(Dataset excerpts)
⟨

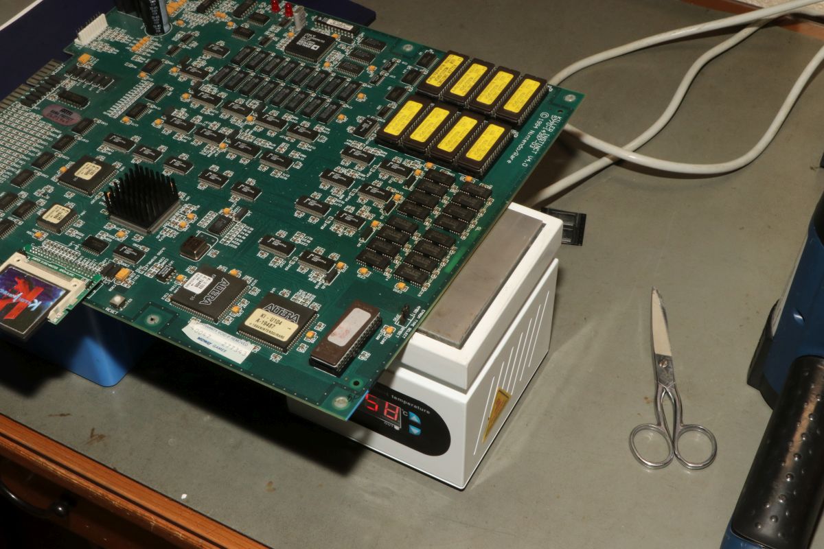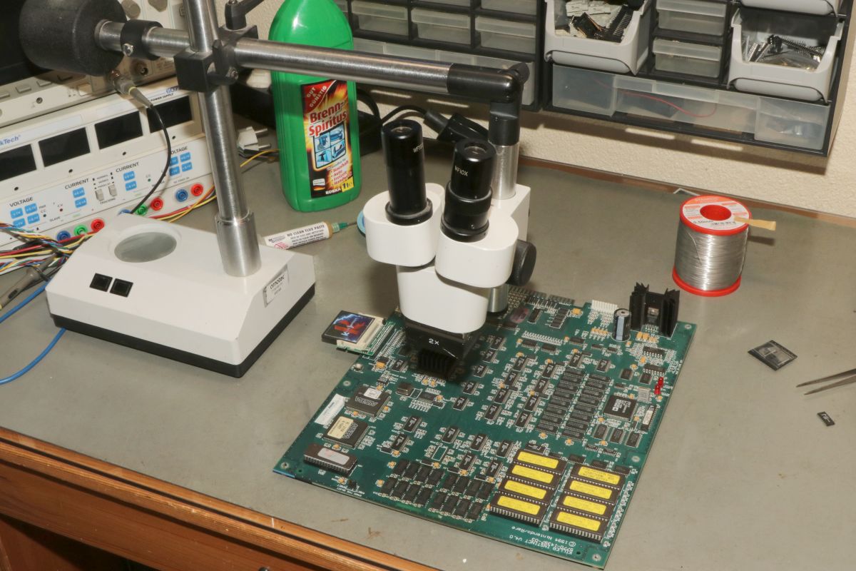 16.02.2026 {Killer Instinct} Midway? Nintendo? Rare? Keine Ahnung, wer sich jetzt für dieses Geschwür aus SMD-Bausteinen verantwortlich zeichnete, aber immerhin ist die Technik der Endzeit der Arcade-Ära ziemlich überschaubar. Sauber getrennte Blöcke aus Sound-DSP und Sound RAM/ROM, sowie Game-RAM und ein kleines Boot-EPROM sind klar zu identifizieren. Das eigentliche Spiel versteckt sich auf einer Festplatte und weil die nicht ewig hält, hier eben auf einer CF-Karte. Toll. Altera MAX 7000 PLDs, soweit das Auge reicht. Die moderne Form der Custom-Chips. Wenn die defekt sind oder ihre Programmierung (EEPROM) vergessen haben, dann war's das. Für den Ton: ADSP-2105-die günstige Variante der Analog Devices DSPs. Darunter befindet sich die zugehörige RAM-Speicherbank mit 16 Stück M628032 (32kx8) mit beeindruckenden 20ns Zugriffszeit. Für Spiel und Video: 16 Stück MT4C4001J dynamische RAMs 1Mx4 mit 60ns Zugriffszeit. Der Hauptprozessor befindet sich unter dem Kühlkörper: laut MAME eine MIPS 4600-based CPU. Die originale Festplatte wurde durch eine Compactflashkarte ersetzt. IDE ist halt IDE... Das Spiel startet nicht. Ein schmaler blauer Streifen baut sich immer wieder auf. Laut Netzfund deutet das auf defekte RAMs hin. Aber wie soll man die finden? Ich bin gespannt, ob ich an so einem modernen Teil etwas ausrichten kann. Erst mal die Pegel an den dynamischen RAMs testen, vielleicht hat ja auch einer der Bustreiber / Latches einen Schuss... Auf Druck oder Biegen der Platine verändert sich auf jeden Fall nichts, das macht eine kalte Lötstelle unwahrscheinlich. {Fehlersuche} Eine genaue Durchsicht mit dem Mikroskop erweckt Hoffnungen: Die ein paar Minuten später wieder enttäuscht werden - es ändert sich nichts. Entweder war es kein guter Kurzschluss oder er war nicht relevant. Die RAM-Bank am DSP heizt gut aber gleichmäßig. Die PLDs sind auch nicht auffällig. Die Main-CPU hat ihren Kühlkörper nötig. Aber auch hier gibt es keine offensichtlichen Auffälligkeiten. Die Bustreiber/Latches sind auch unauffällig, der linke untere Baustein ist ein anderer Typ, deswegen weniger warm... Die Programm-RAMs werden überhaupt nicht warm. Daten- und Adressbussignale sind alle unauffällig. Zur Kontrolle habe ich mal das Boot-ROM neu gebrannt (Any-IDE) - man weiß ja nie. Aber die EPROMs unterscheiden sich nicht und es funktioniert trotzdem nicht. Es bleibt mir wohl nichts anderes übrig, als passende RAM-Bausteine zu besorgen und diese Stück für Stück zu ersetzen... {RAM-Tausch extrem} Der endlose Aufbau eines blauen Balkens könnte ein RAM-Fehler sein - was liegt näher, als die RAMs zu tauschen? Auch wenn ich noch keinen Ersatz zur Hand habe, die alten RAMs können schon mal raus! Hierzu decke ich die übrigen Komponenten sorgfältig mit Alufolie ab, man will die alten Teile ja nicht unnötig stressen! Mit etwas Geduld und moderatem Luftstrom geht das ganz fix mit dem Heißluftfön. Die freien Pads werden mit viel Flussmittel und frischem Zinn für die Wiederaufnahme vorbereitet. Die Spenderriegel sind gekommen. Man bekommt zwar die RAMs nicht mehr - auf diversen PC-Speicherriegeln sind sie aber massenhaft verbaut. Ich habe gleich mal zwei geordert - man weiß ja nie... Der Heißluftfön hilft auch hier. Dank der geringen Platinenfläche geht das auch ganz fix und schonend. Auflöten möchte ich die RAMs nicht mit dem Fön, weil ich Sorge habe, dass der Luftstrom mir alles durcheinanderwirbelt. Deswegen habe ich mir mal fix meine Wekzeugausrüstung aufgestockt: eine Heizplatte für SMD. Mal am Spenderriegel testen: Flussmittel satt... Sauber verzinnen... Und einfach auflegen. Einige Sekunden später fließt das Zinn und der Baustein zieht sich in Position. Etwas Druck mit der Pinzettenspitze verbindet alle Lötstellen einwandfrei. Das war ja einfach. Dann probieren wir das mal mit der Killer-Instinct. Die Lötpads sind vorbereitet. Die Platine wird so gestützt, dass sie plan auf der Platte aufliegt. Es ist eine üble Arbeit, die Speicherchips so aufzulegen, dass sie nicht wegrutschen. Lötpaste wäre hier besser, die pappt gut. Aber leider habe ich keine zur Hand. 2 Minuten später ist alles aufgeschmolzen, der eine oder andere Baustein muss noch nachkorrigiert werden. Das Resultat ist gut aber nicht perfekt. Weil die Bausteine so eng beieinandersitzen, sieht man nichts. Das nachträgliche Durchklingeln der Verbindungen entdeckt drei offene Lötstellen, die ich mit der feinen Lötspitze nachbessern muss. Kontrolle ist hier also unabdingbar. Und letztendlich kam es auch noch zu einer kleinen Delamination der Leiterplatte - vielleicht sind die 260°C doch schon zu heiß gewählt. Egal: nachdem alles verbunden ist, läuft die Platine immer noch nicht. Jetzt messe ich jedes einzelne Signal durch. Alle Daten- und Adressleitunge enden an den entprechenden Treibern. RAS tackert so vor sich hin, aber CAS fehlt bei einer RAM-Gruppe. Das kann natürlich nicht funktionieren! Am Treibereingang des 74FCT162244 liegt es noch an... Also sind vermutlich die RAMs in Ordnung gewesen... Ohne CAS gibt es keine Adressierung. Die 16-Bit Driver sind übel. Selten und klein... Und die Impulsbreiten liegen unter 50ns... Ich weiß schon, warum mir ganz alte Technik lieber ist - man hat einfach mehr Platz! Ein 74FCT162244 in SSOP ist bereits bestellt... so etwas habe ich natürlich nicht auf Lager! {Treiber-Tausch} Mouser hat geliefert, genauer gesagt: ein freundlicher Forist aus dem Microcontrollerforum, der die Sammelbestellung organisiert hat! In der großen Verpackung liegt ein kleiner Gurtabschnitt mit zwei noch kleineren Bustreibern. Jetzt will ich es wissen! Die Platine von unten auf 180°C vorgeheizt und von oben mit dem Heißlftfön gefönt - der Baustein ist in wenigen Sekunden herunter. Durch die gezielte Wärme ist die Platine nur recht wenig gestresst, ebenso die umliegenden Bauteile. Die Pads werden sauber geputzt, duch die winzigen Abmessungen kann man hier nicht mit Amateur-Reflow arbeite
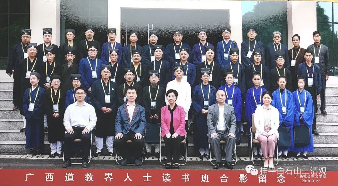 2018年3月26日至3月30日,由广西区党委统战部举办的“广西道教界人士读书班”在美丽绿城南宁,广西社会主义学院举行。出席开班仪式的领导有:广西区党委统战部副部长李银霞、广西社会主义学院副院长邓路遥、广西区党委统战部民族宗教处副调研员赵刚等。在培训班学习期间,广西民宗委副主任梁柳宁、广西区民宗委二处处长陈恩昭、广西社会主义学院副教授何文钜、潘宏纹等授课。本次读书班人员来自全区各地道教界人士共40人参加了为期5天的学习培训。
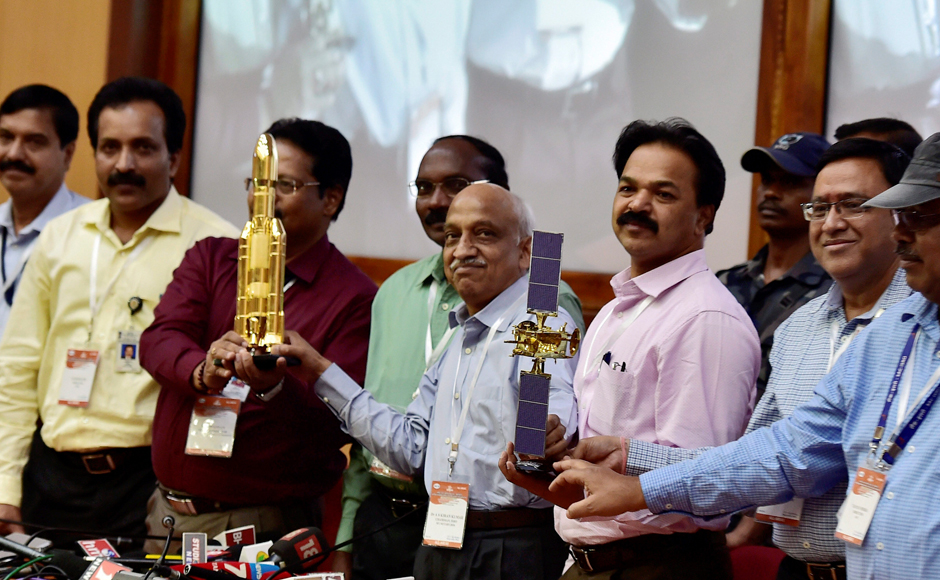 Indian Space Research Organisation (ISRO) chairman Kiran Kumar Rao displayed models of the GSAT-19 and GSLVMk-III along with scientists at a press conference after the launch of the GSAT-19 at Sriharikota. PTI
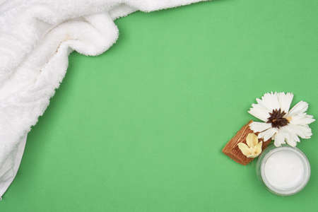spa products cosmetics health procedures Green background
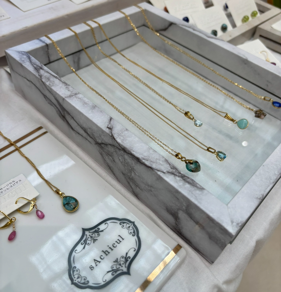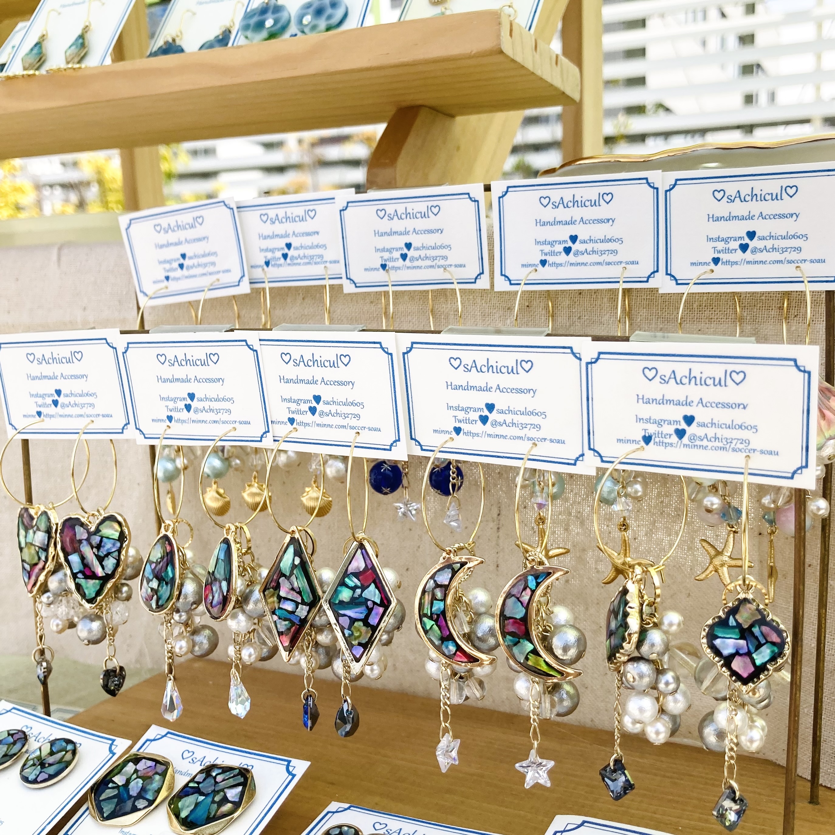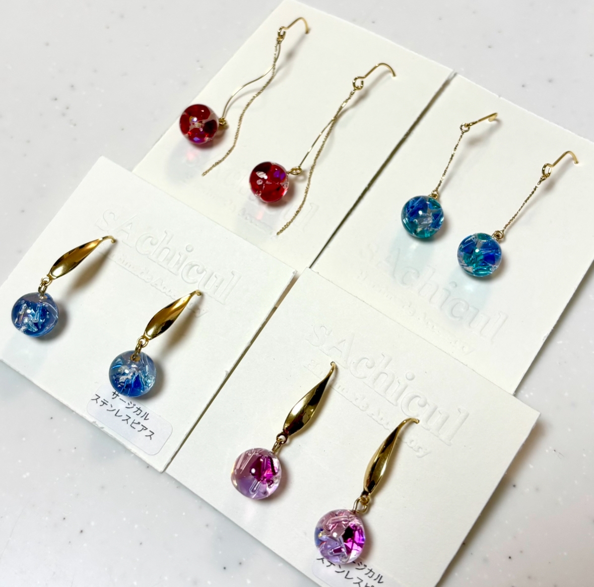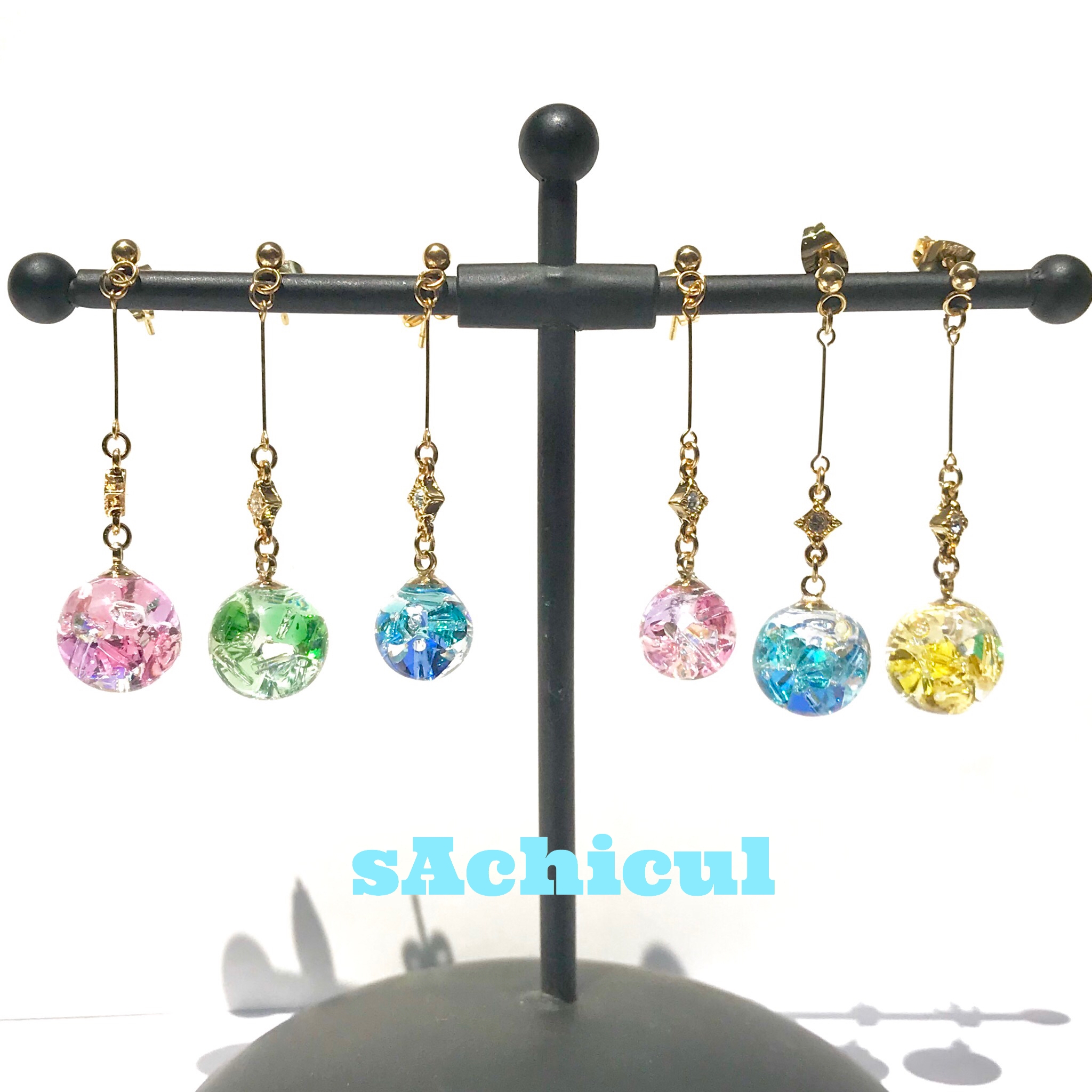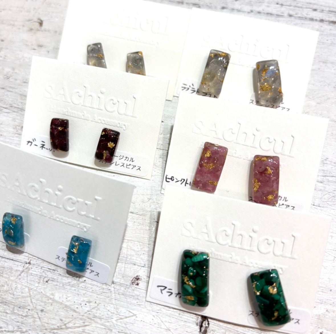 レジン、天然石、クリスタルなどを使ってシンプルで使いやすいアクセサリーを作っています。サージカルステンレスなどを使い、アレルギー対応もできます。

⟩

## TRY IT
Word for word, restate the lines from the line containing "spa products cosmetics" through the end of the data, including the first and last of them. Pictures stay out.

## RESPONSE BELOW
spa products cosmetics health procedures Green background
 レジン、天然石、クリスタルなどを使ってシンプルで使いやすいアクセサリーを作っています。サージカルステンレスなどを使い、アレルギー対応もできます。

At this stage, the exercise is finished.